I often comment that if I weren't doing a PhD, I'd go into Organizational Management. Organization at its most basic and time management are critical for success - especially in today's multi-tasking, heavily committed world. As a student staff member in my college dorm, I held many courses and workshops on study skills, success in college, and professionalism. I completed two degrees in four years because of my mastery of study techniques and I have maintained that propensity through the progression of my self-guided graduate research.
I have worked independently with a number of students on their college and graduate school applications. As a senior in college, I worked as a Diversity Recruitment Associate for the Office of Undergraduate Admissions where I was responsible for outreach to under-resourced and under-represented school districts throughout Northern California. I recruited students and helped them through the application process, always emphasizing that the worst thing you can do as a student is not apply - you never know what admissions counselors will be looking for. I am also a Mellon Mays Undergraduate Fellow and a Institute for the Recruitment of Teachers Associates Program Fellow - two programs focused on minority and women pipeline issues in higher education.
I am currently completing my PhD in Anthropology at the University of Pennsylvania (although I am currently living in Ann Arbor). I completed my MA in Anthropology at Stanford University in 2011. Although my dissertation concentration is in archaeology, I have been a teaching assistant for two cultural anthropology courses - "Globalization in Historical Perspective" and "The Modern World and Its Cultural Background." In these courses, I taught to weekly 50-minute discussion sections and held regular office hours for one-on-one advising. I also regularly contribute scholarship to anthropological professional organizations.
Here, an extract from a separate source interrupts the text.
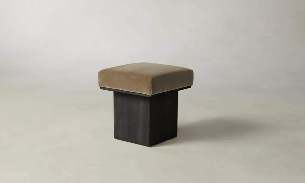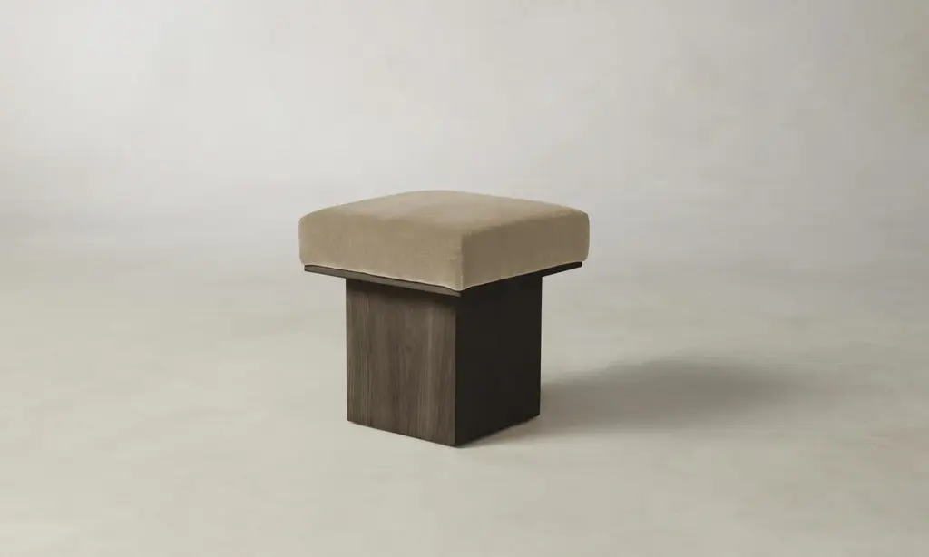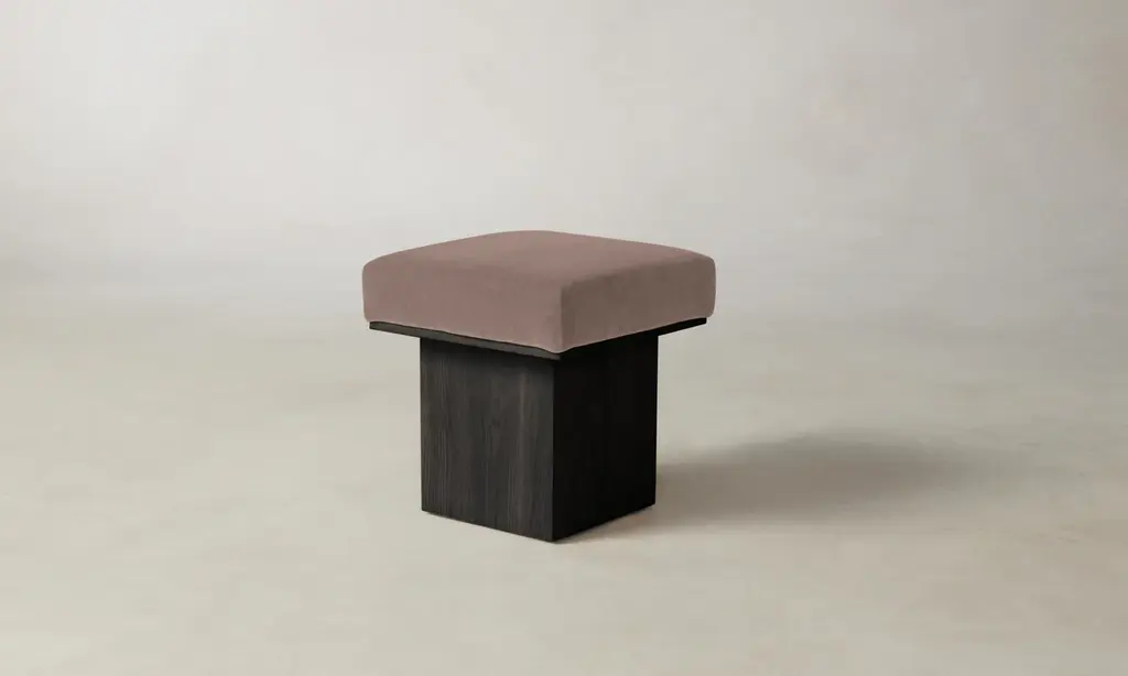The Mulberry Ottoman's geometric silhouette exudes sophistication. It has a masterfully upholstered seat cushion that sits atop a striking ash pedestal base. Handcrafted in North Carolina.
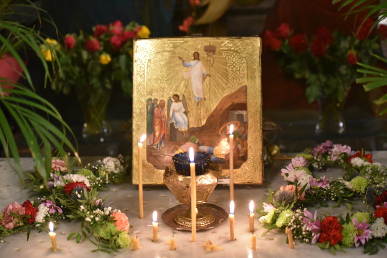 Kristuksen ylösnousemuksen ikoni Uspenskin katedraalissa vainajien muistopöydällä. Kuva: Vlada Wahlstén

My ongoing PhD dissertation research focuses on the archaeology of a series of 19th century indigenous revolt sites in Quintana Roo, Mexico. In addition to my current fieldwork, I have worked on archaeological projects in Turkey (Catalhoyuk), Northern England (Binchester Roman Fort), Western Australia, and throughout the San Francisco Bay Area. I have been a teaching assistant for two archaeology courses - "Introduction to Archaeology" and "Public Policy, Museums, and Cultural Heritage" - for which I taught two weekly 50-minute discussion sections and held office hours for individualized advising. I received my BA in archaeology from Stanford University in 2011.
As an anthropologist, social studies is in many ways what I do. Social studies at the junior and high school levels is geared at general knowledge about the world, American history, and civic engagement. As an American Anthropologist, the American history is critical to my understanding of contemporary world politics. But, what is more, teaching a broad understanding of the world, cultural diversity, the importance of history, and the obligations of civic participation have been cornerstones to each of the courses I have TAed.
In my capacity as a Program Coordinator for the Black Community Services Center and Publications Chair for the NAACP Chapter at Stanford University, I frequently utilized Publisher to create brochures, posters, invitations, and more.
While my degrees are in Anthropology and Archaeology, I minored in International Relations and my dissertation work, among other things, explores the contested nature of cultural heritage as a political tool. Much of the work I continue to do is at the intersection of Anthropology, History, and Political Science. One of the courses I TAed for was also crossed listed in Political Science and International Relations - "Globalization in Historical Perspective."